➡️
Discord |
Documentation
⬅️
[LemmeKnow](https://github.com/swanandx/lemmeknow) is the Rust version of [PyWhat](https://github.com/bee-san/pyWhat). It's 33 times faster which means we can now decode and determine whether something is an IP address or whatnot 3300% faster than in Python.
## Multithreading
Ciphey did not support multi-threading, it was quite slow. ciphey supports it natively using [Rayon](https://github.com/rayon-rs/rayon), one of the fastest multi-threading libraries out there.

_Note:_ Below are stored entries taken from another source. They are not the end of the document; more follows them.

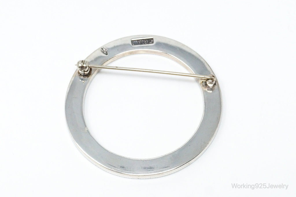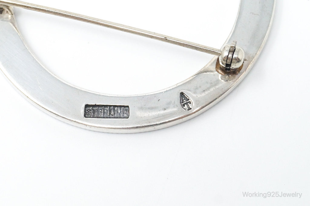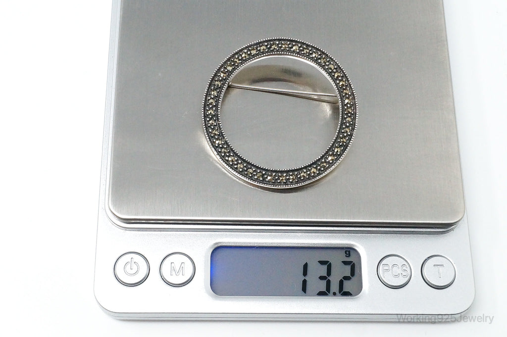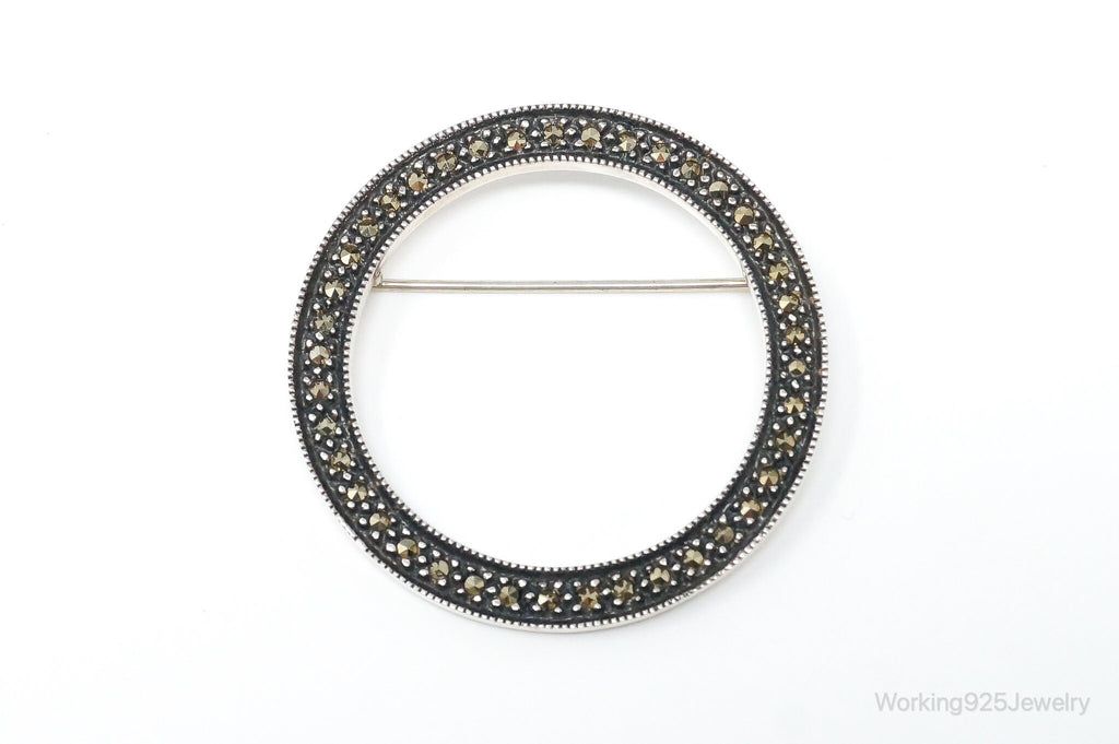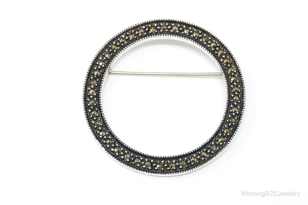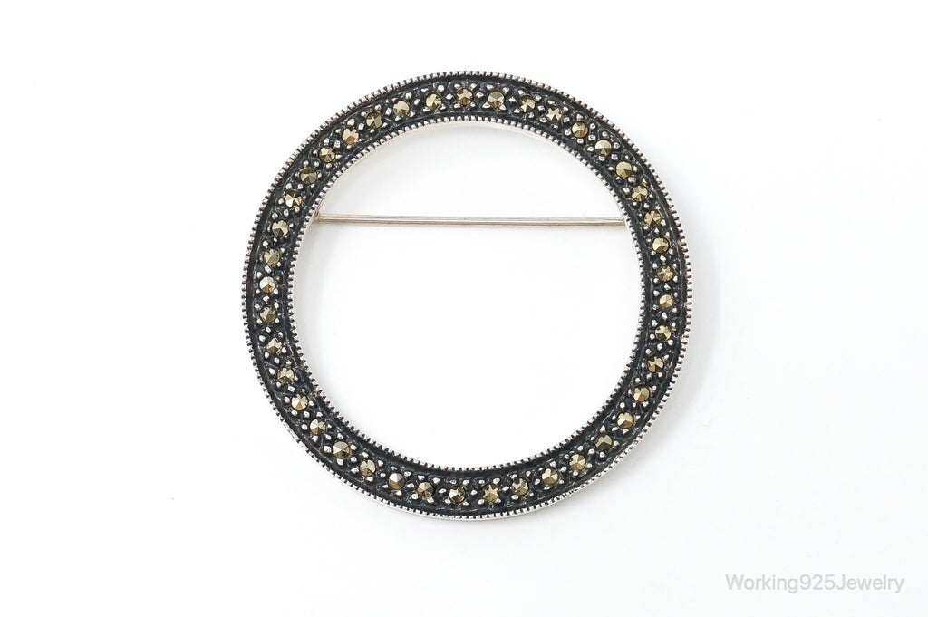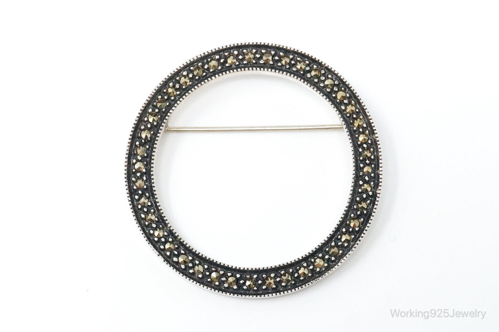 Antique Designer A.T. Marcasite Sterling Silver Brooch Pin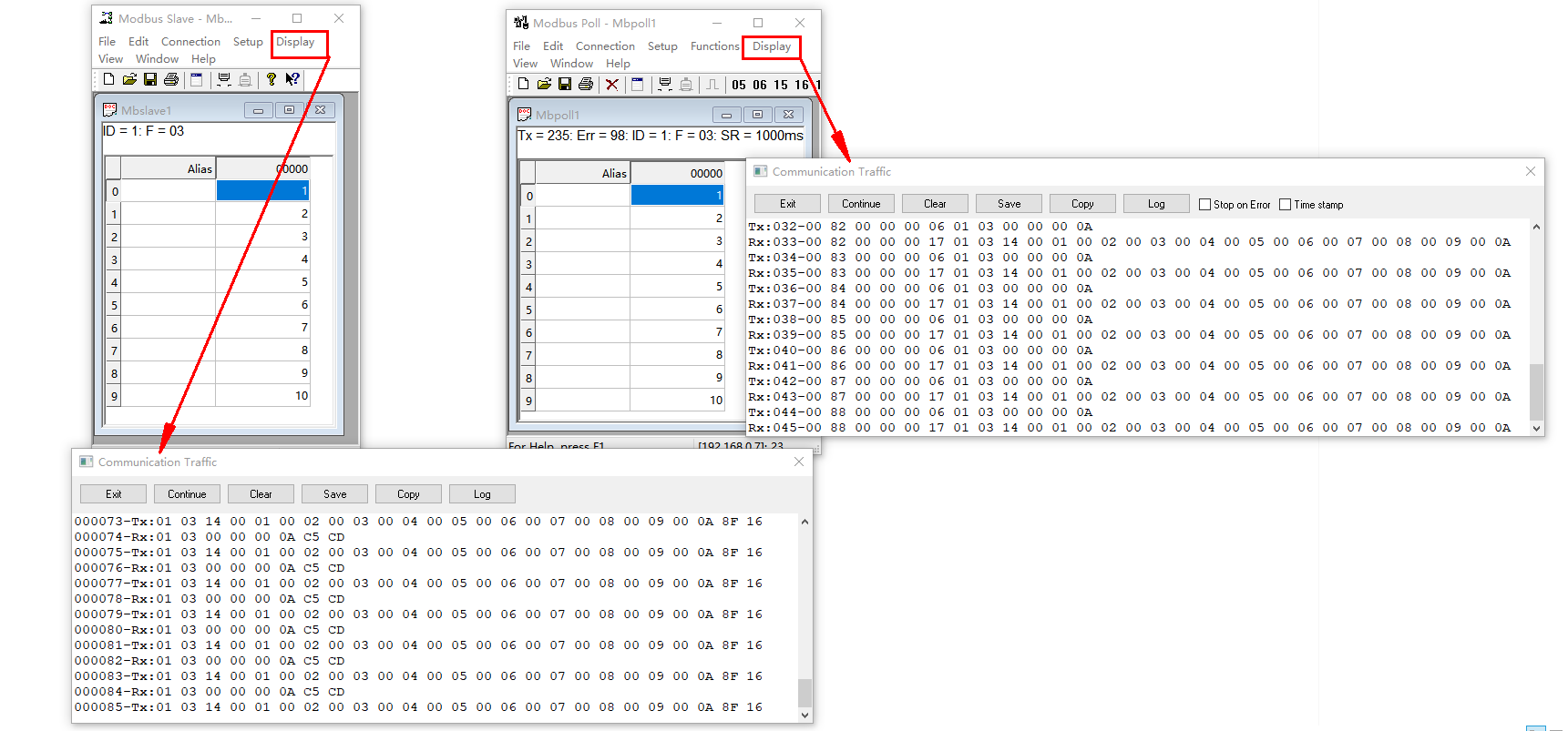 備注:MODBUS SLAVE軟件和MODBUS POLL軟件的選項Display,點開之后,最下面的Communication Traffic,是兩個軟件數據監控,可以查看MODBUS 數據,是否正常。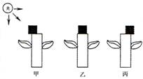 右图所示实验中,把含生长素的琼脂块,分别放在甲、乙、丙三株幼苗切面端的不同位置上,然后从左侧单侧照光,下面实验结果中不正确的是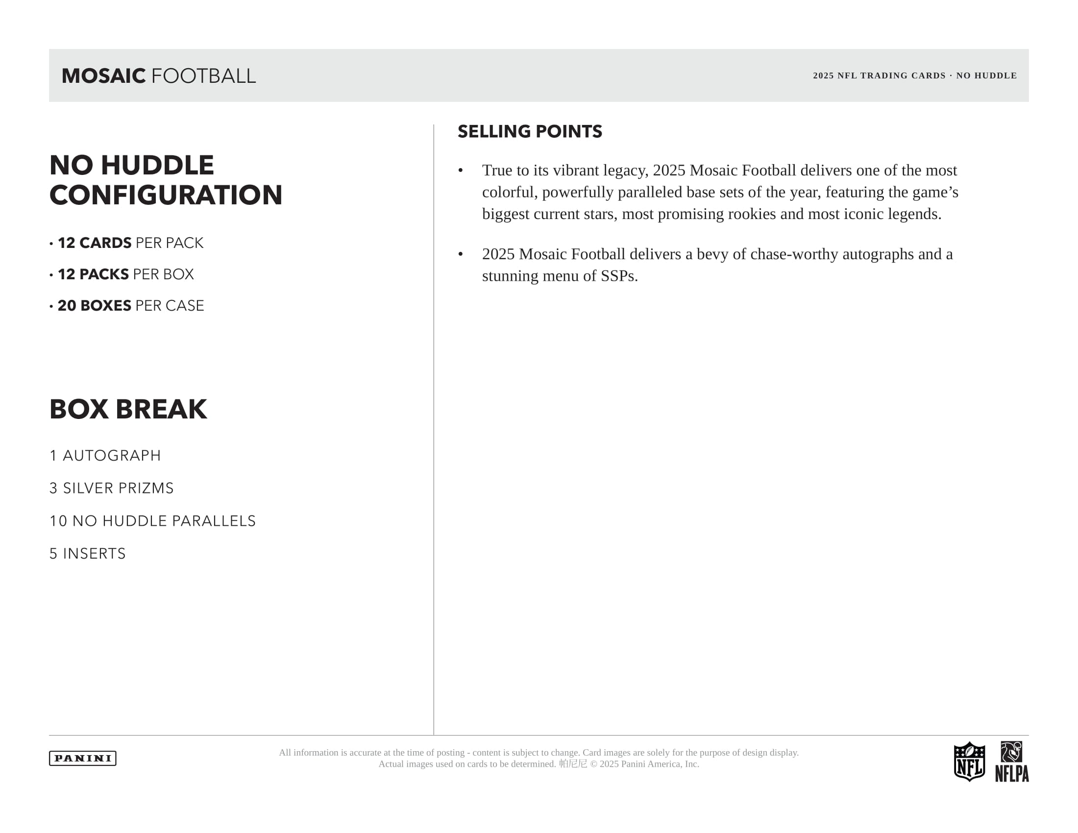 2025 Panini Mosaic No Huddle Football Hobby Box (Presale 11/26)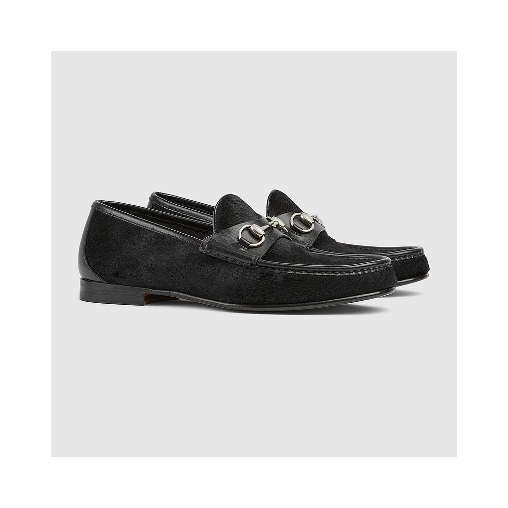自营欧洲直邮Gucci/古驰 男士黑色麂皮马衔扣乐福鞋辛鞋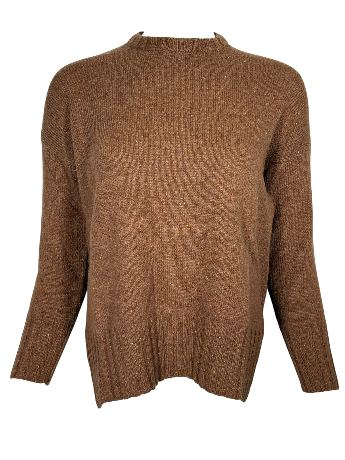 BASE MILANO TWEED ROUNDNECK SWEATER - CAFFE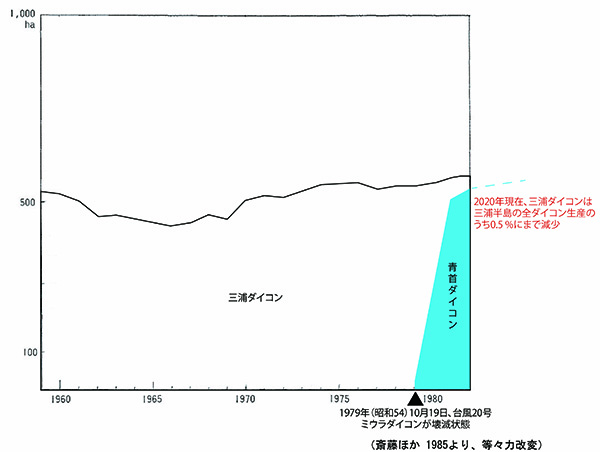 1979年10月19日、台風20号は三浦ダイコンを壊滅状態におとしいれました。代用として、関西を中心に栽培され、三浦ではほとんど見向きもされなかった青首ダイコンが、急遽まきなおされました。代用の青首ダイコンは無事に育って、出荷することができました。このとき農家さんは、収量が多く、労働の手間も少なく、高度成長期の社会のニーズにもマッチしていた青首ダイコンに一気に注目したのです。そして数年後には、三浦半島のダイコンの主流となって、現在にいたります(図 3)。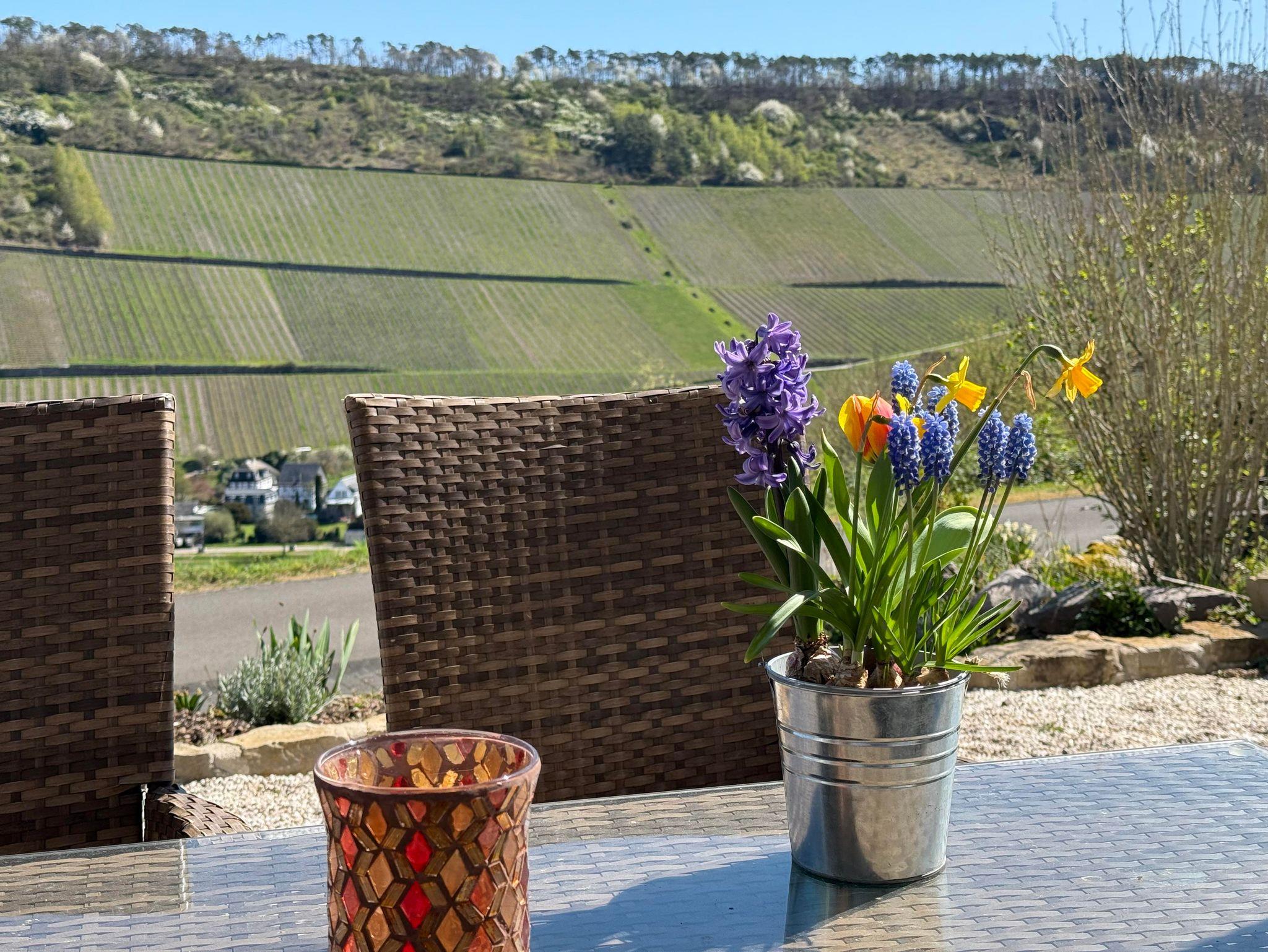 Großzügige Ferienwohnung (55 m²) mit unverbautem Moselblick und geschmackvoller Einrichtung. Wohn-/Essbereich mit Einbauküche incl. Spülmaschine und Mikrowelle; SAT-TV; WLAN; separates Schlafzimmer mit Doppelbett.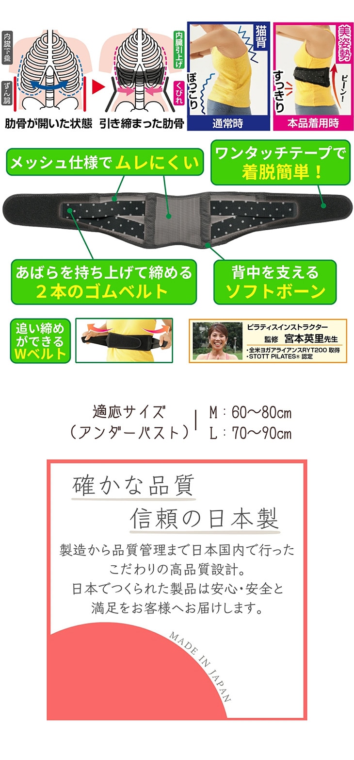 「猫背が気になる」「実年齢より老けて見られる」そんな悩みの根本にアプローチするのが、ピラティスインストラクター・宮本英里先生監修の美姿勢ベルトです。美しさの鍵は「あばら」の位置。広がりがちなあばらをグッと引き上げ、正しい位置へと導くことで、着けた瞬間に背筋がピーンと伸びる感動を届けます。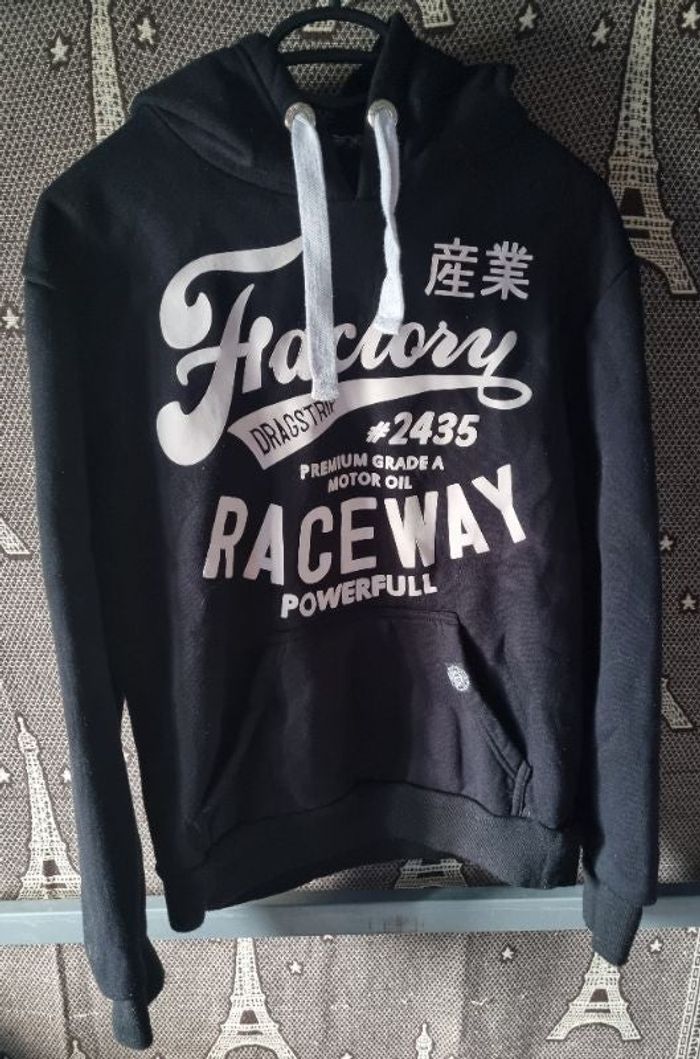 Sweat à capuche avec écriture, taille S marque Athl Sport, longueur 60cm, largeur 47cm ,longueur épaule à aisselle 20cm, largeur aisselle à aisselle 48cm, longueur manche 49cm, écriture légèrement craquelé.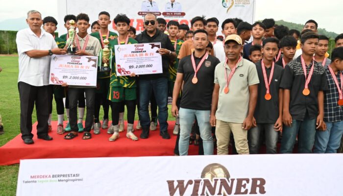 Bupati Aceh Besar diwakili Kepala Dinas Pariwisata, Pemuda dan Olahraga (Disparpora) Aceh Besar, Abdullah, SSos menutup Turnamen Sepak Bola Gala Siswa tingkat SMP se-Aceh Besar yang memperebutkan Piala Bupati Aceh Besar H. Muharram Idris (Syech Muharram) dalam rangka HUT ke-69 Kabupaten Aceh Besar Tahun 2025.
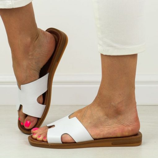 Białe skórzane klapki damskie Cambell 64013

While we do not entirely see the effects of it with only 16 decoders (and them being quite fast), as we add more decoders (and slower ones) we'll see it won't affect the overall programs speed as much.
## Multi level decodings
Ciphey did not support multi-level decryptions like a path of Rot13 -> Base64 -> Rot13 because it was so slow. ciphey is fast enough to support this, although we plan to turn it off eventually.
## Configurable Sensitivity for Plaintext Detection
ciphey now supports configurable sensitivity levels for gibberish detection, allowing for more accurate plaintext identification across different types of encodings. Classical ciphers like Caesar use Low sensitivity to better handle English-like results, while most other decoders use Medium sensitivity by default.
This feature helps reduce false positives and negatives in plaintext detection, making ciphey more reliable across a wider range of encoded texts.
## Enhanced Plaintext Detection with BERT
ciphey now offers enhanced plaintext detection using a BERT-based model from the `gibberish-or-not` crate. This feature:
- Increases plaintext detection accuracy by approximately 40%
- Reduces false positives and negatives when identifying plaintext
- Can be enabled during first-run setup or later with `ciphey --enable-enhanced-detection`
- Requires a one-time download of a 500MB AI model (requires a free Hugging Face account)
# New Features
## Better search algorithm
We now use A* search. This is very fast.
A* works by using a heuristic to estimate the cost of reaching the goal from the current state.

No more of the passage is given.